- **TO DO**
Apart from the images, repeat the data below exactly as written.
(STORED DATA)
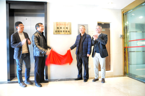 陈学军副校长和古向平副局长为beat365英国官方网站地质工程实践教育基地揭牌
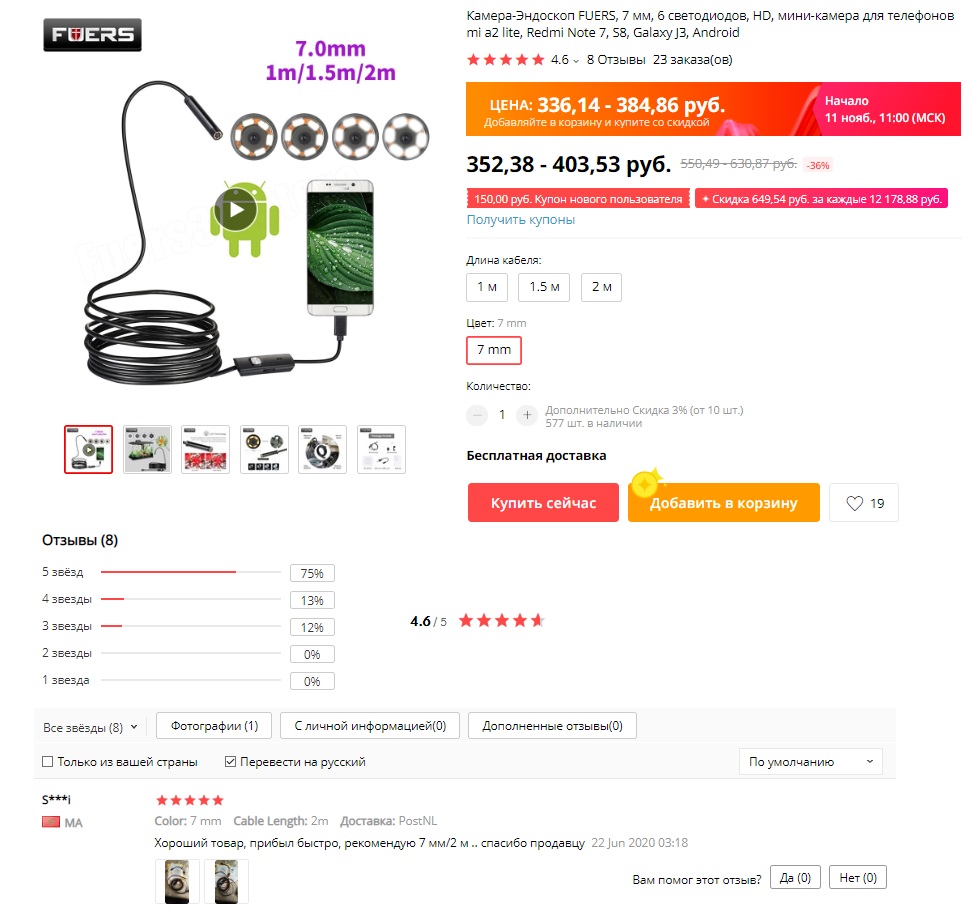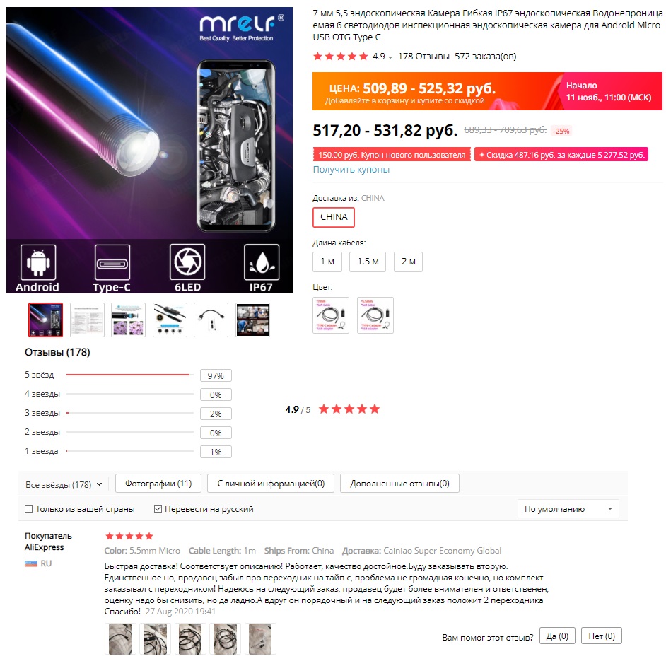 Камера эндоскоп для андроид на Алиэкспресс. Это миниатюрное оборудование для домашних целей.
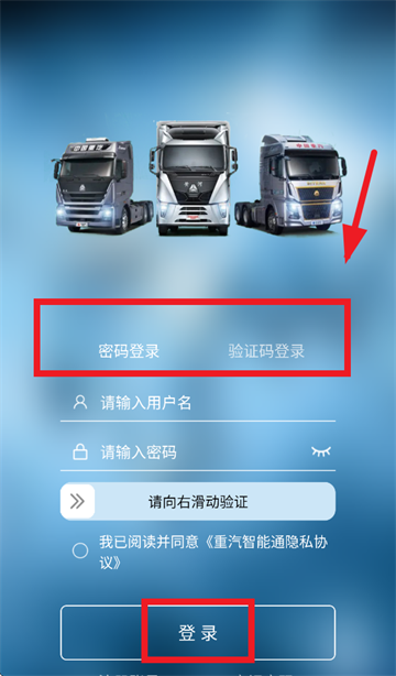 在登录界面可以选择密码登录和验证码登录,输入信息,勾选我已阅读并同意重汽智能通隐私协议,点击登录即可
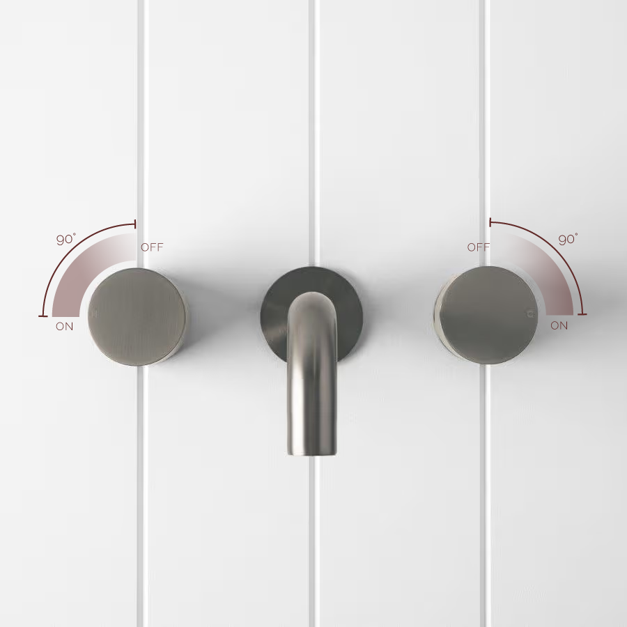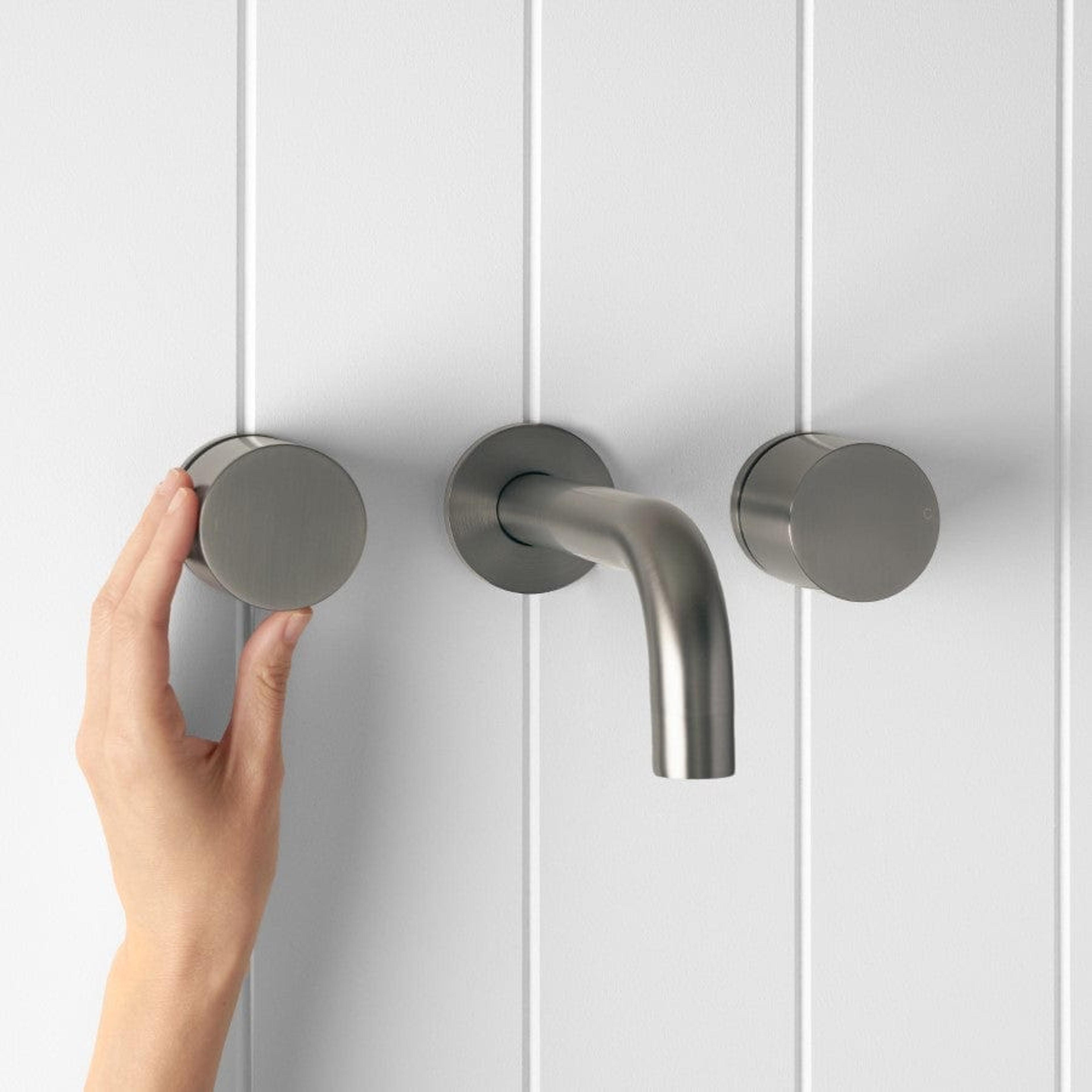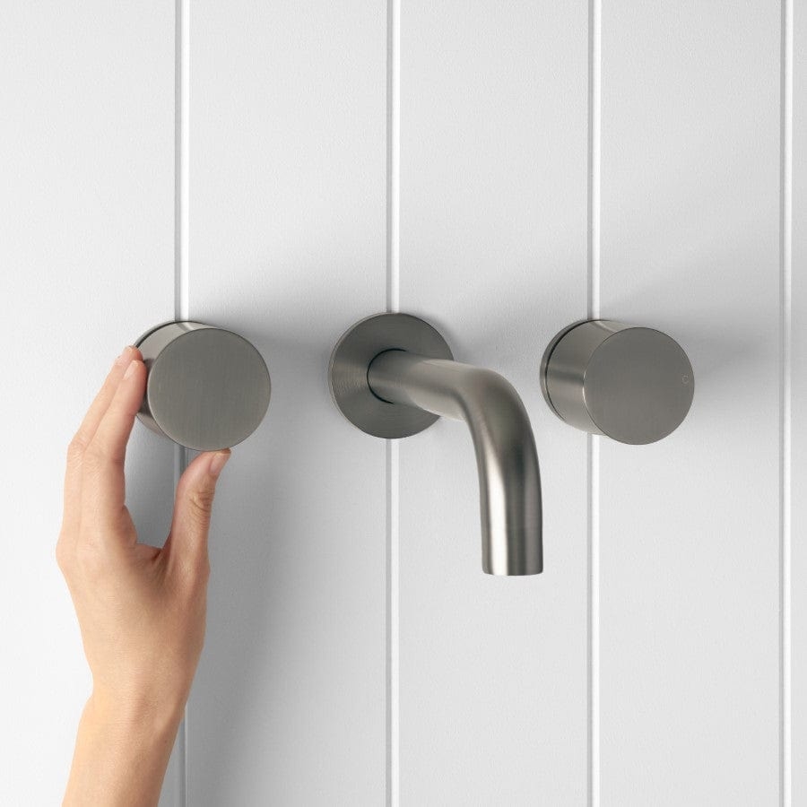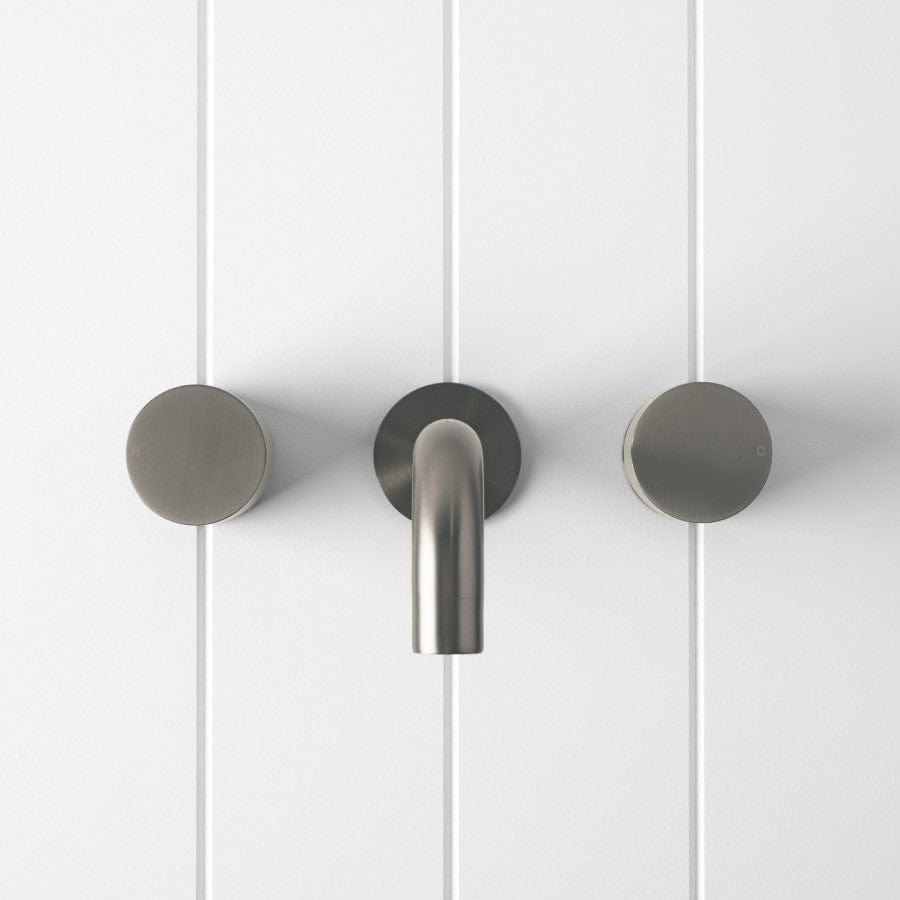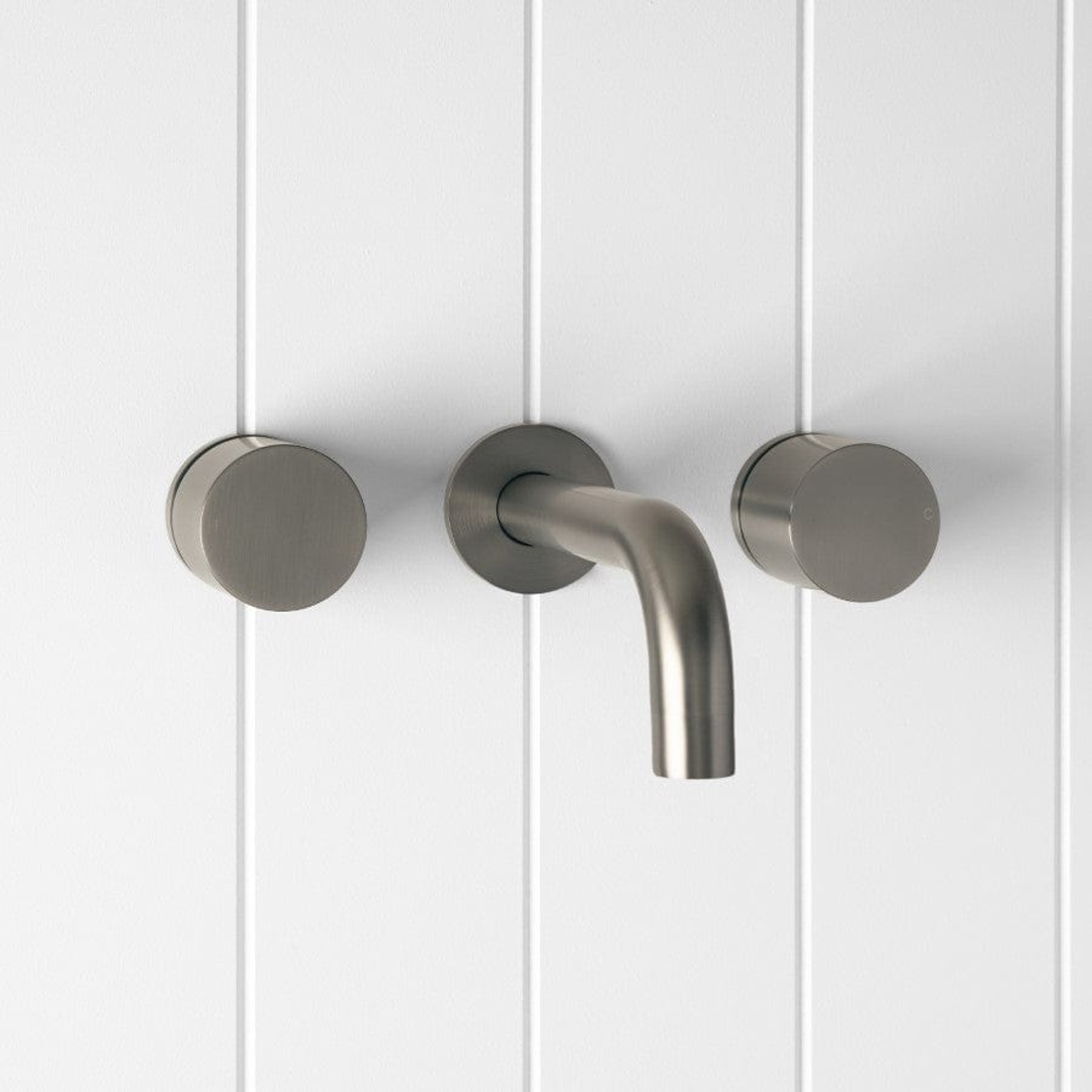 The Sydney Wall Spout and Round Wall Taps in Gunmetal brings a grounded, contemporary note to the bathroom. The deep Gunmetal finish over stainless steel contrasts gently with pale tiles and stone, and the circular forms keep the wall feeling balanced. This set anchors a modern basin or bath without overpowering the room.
(End STORED DATA)
- **RESPONSE**
 陈学军副校长和古向平副局长为beat365英国官方网站地质工程实践教育基地揭牌
 Камера эндоскоп для андроид на Алиэкспресс. Это миниатюрное оборудование для домашних целей.
 在登录界面可以选择密码登录和验证码登录,输入信息,勾选我已阅读并同意重汽智能通隐私协议,点击登录即可
 The Sydney Wall Spout and Round Wall Taps in Gunmetal brings a grounded, contemporary note to the bathroom. The deep Gunmetal finish over stainless steel contrasts gently with pale tiles and stone, and the circular forms keep the wall feeling balanced. This set anchors a modern basin or bath without overpowering the room.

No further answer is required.